(Dataset items)
◇ ◇ ◇ ◇ ◇ ◇ ◇
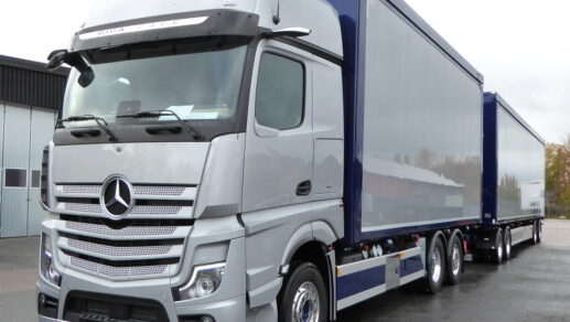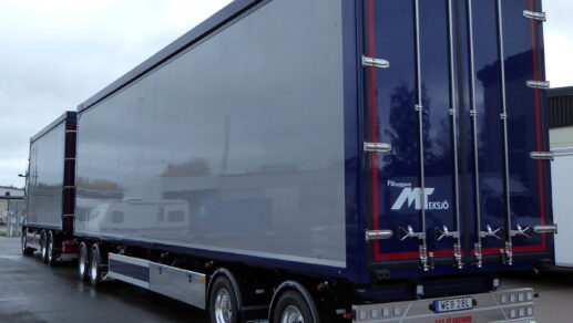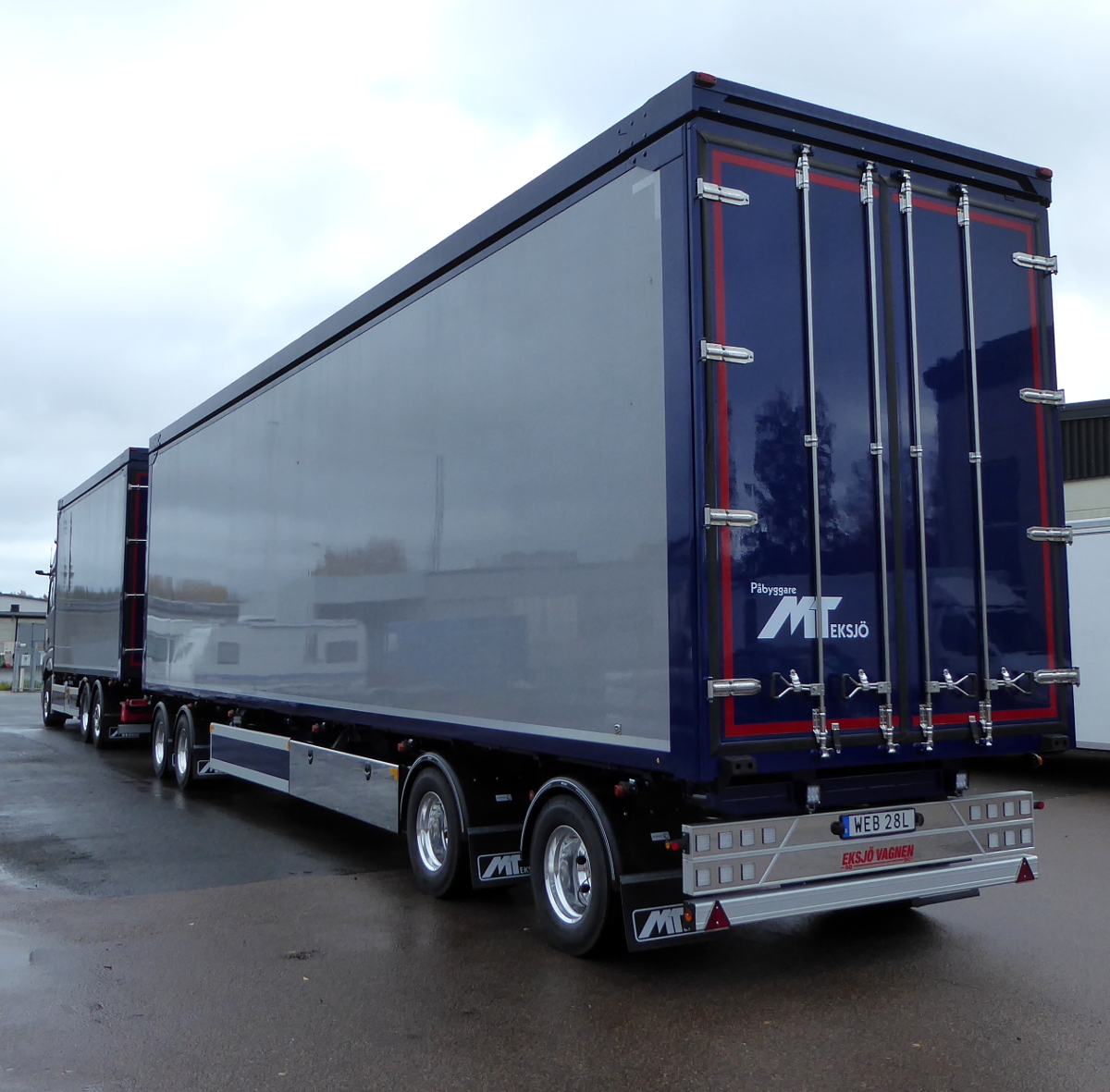 Bilen är utrustad med bland annat MT bandspännare, golv i 27 mm slitplywood , Slir-Ej och VBG draganordning.
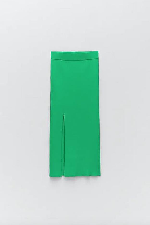 En un verde intenso, esta bonita falda de canalé de punto viene con cintura elástica y bajo con abertura frontal. Tiene un precio de 25,95 euros pero solo queda en las tallas M y XL.
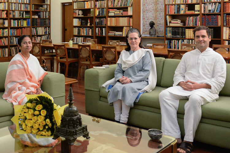 সনিয়া গাঁধী এবং রাহুল গাঁধীর সঙ্গে মমতা বন্দ্যোপাধ্যায়। নয়াদিল্লিতে। —ফাইল চিত্র।
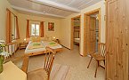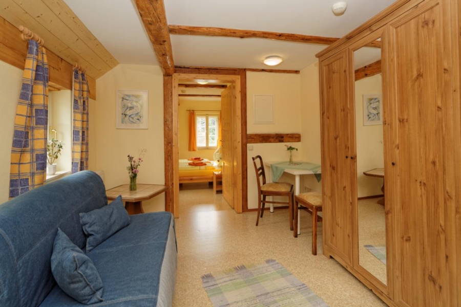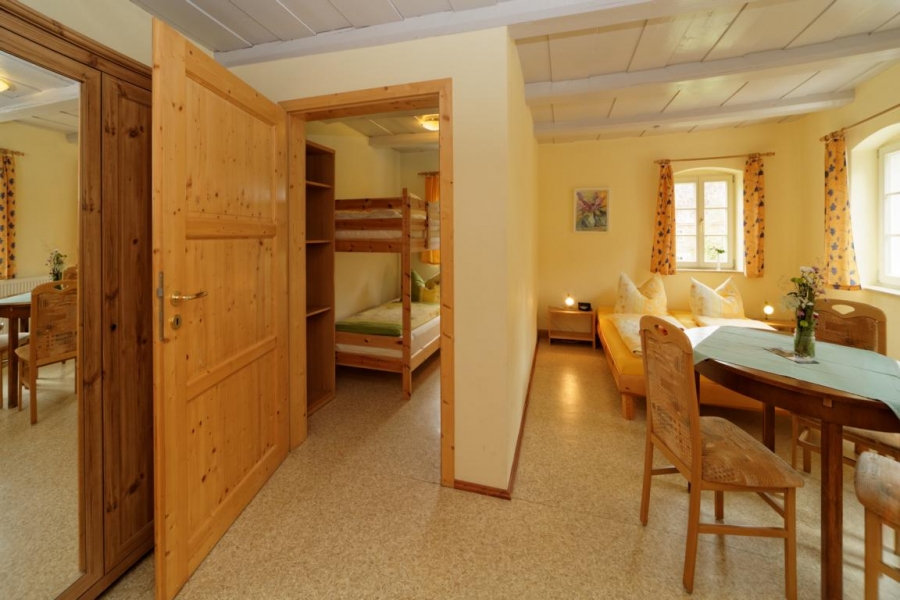 Wohneinheit 1 ist ausgestattet mit einem Doppelbett sowie einem Etagenbett im abgetrennten Schlafraum.
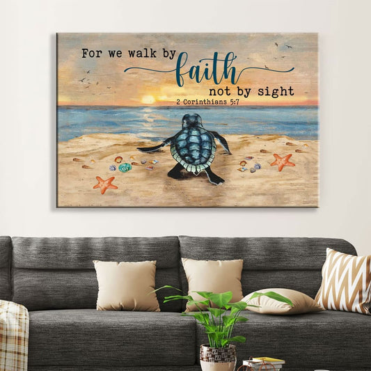 Sea Turtle, For We Walk By Faith Not By Sight Wall Art Canvas Print - Religious Wall Decor
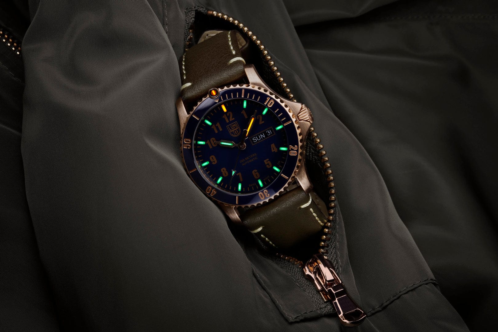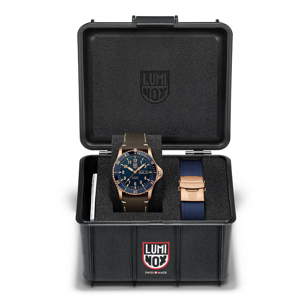 Genuine leather with bronze signature Luminox buckle and a Genuine rubber Navy Blue cut-to-fit strap with bronze singnature Luminox buckle. Additional, the Bronze Automatic Sport Timer comes with its very own WOLF Watch Cub winder in matching Navy Blue and Bronze tones.
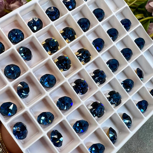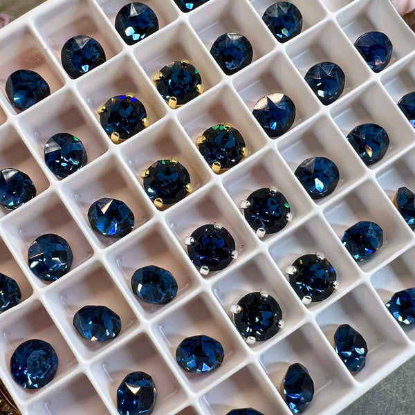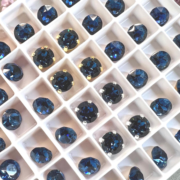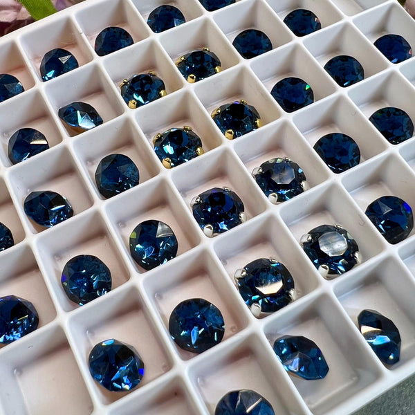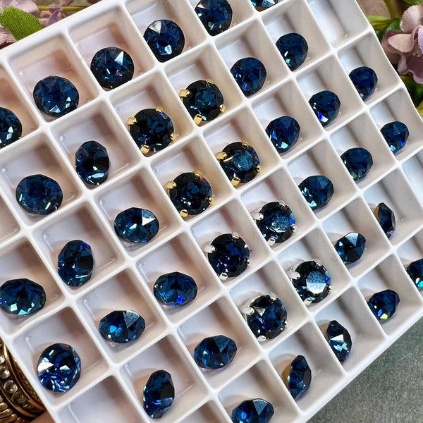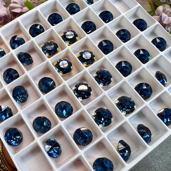 Montana Sapphire 30ss-6mm Dentelle Vintage Swarovski Crystal, Dark Ocean Blue with SP or GP Settings. The listing price is for four pieces with settings. The high-quality 4-pronged, open-back settings have four holes, one hole on each side. Settings available in silver or gold-plated - your choice.
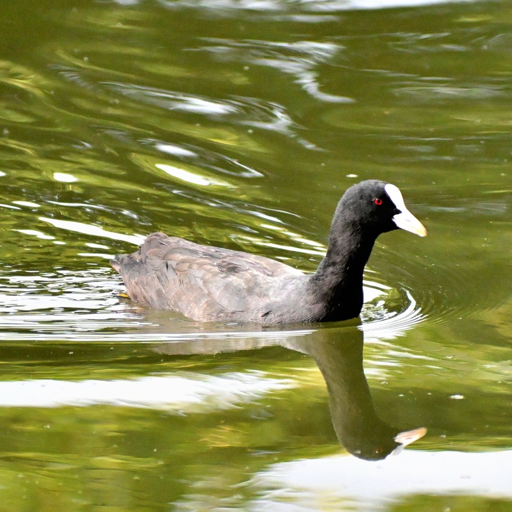 越冬組で賑わう公園の池にオオバンが勢いのある波紋を立てていました
◇ ◇ ◇ ◇ ◇ ◇ ◇
WHAT YOU SHOULD DO -
Restate the data exactly, though only from the line that contains "Montana Sapphire 30ss-6mm" through its last line, both ends included and with the pictures left out.

RESPONSE TO THE EXERCISE -
 Montana Sapphire 30ss-6mm Dentelle Vintage Swarovski Crystal, Dark Ocean Blue with SP or GP Settings. The listing price is for four pieces with settings. The high-quality 4-pronged, open-back settings have four holes, one hole on each side. Settings available in silver or gold-plated - your choice.
 越冬組で賑わう公園の池にオオバンが勢いのある波紋を立てていました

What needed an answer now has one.